Tang Chang (; ;; 1 May 1934 – 26 August 1990) was a self-taught artist, poet, writer and philosopher of Sino-Thai heritage.

Biography 
He was born on 1 May 1934 to a poor, Chinese family in the area of the Somdet Chao Phraya Market, Thonburi, across the river from Bangkok. As a young boy, he studied at the Pitchaya Yatikaram Temple School, until the effects of World War II on his family’s financial situation forced him to end his education.

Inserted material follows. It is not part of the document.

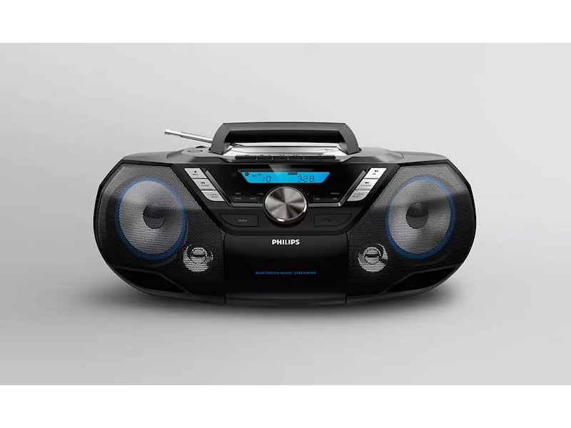 Philips bärbara CD Soundmachine är ett kraftfullt allt-i-ett-ljudsystem som du kan ta med dig överallt. Den släpper musiken fri från olika källor – Bluetooth, USB, CD, kassetter, DAB+ och FM-radio

After Chang left school, he developed an interest in artistic expression and used found pieces of charcoal and chalk to draw on the streets and the walls of his home. With funds received from his work as a menial labourer, he bought paper, paint and pencils and with these began drawing portraits of his family members and neighbours. He continued this practice until he was able to open a stall at a local market to undertake portraits professionally. After that, Chang began painting watercolour landscapes of the areas around his house. In 1960, one of these paintings, a landscape featuring the house of Pratuang Emjaoren, a well-known Thai artist and a close friend of Chang’s, became the first of his works to be included in an exhibition.

In the late 1950s, Chang began producing the first of his gestural abstraction paintings for which he is best known. According to the artist, these paintings were the result of a series of experimentations undertaken with the aim of developing a style that reflected Buddhist and Daoist principles, while also offering an alternative to the cubistic and impressionistic works that dominated Thai art circles of the period. These works were exhibited for the first time in 1966 at the Pratumwan art gallery, but were not received favourably by Thai audiences.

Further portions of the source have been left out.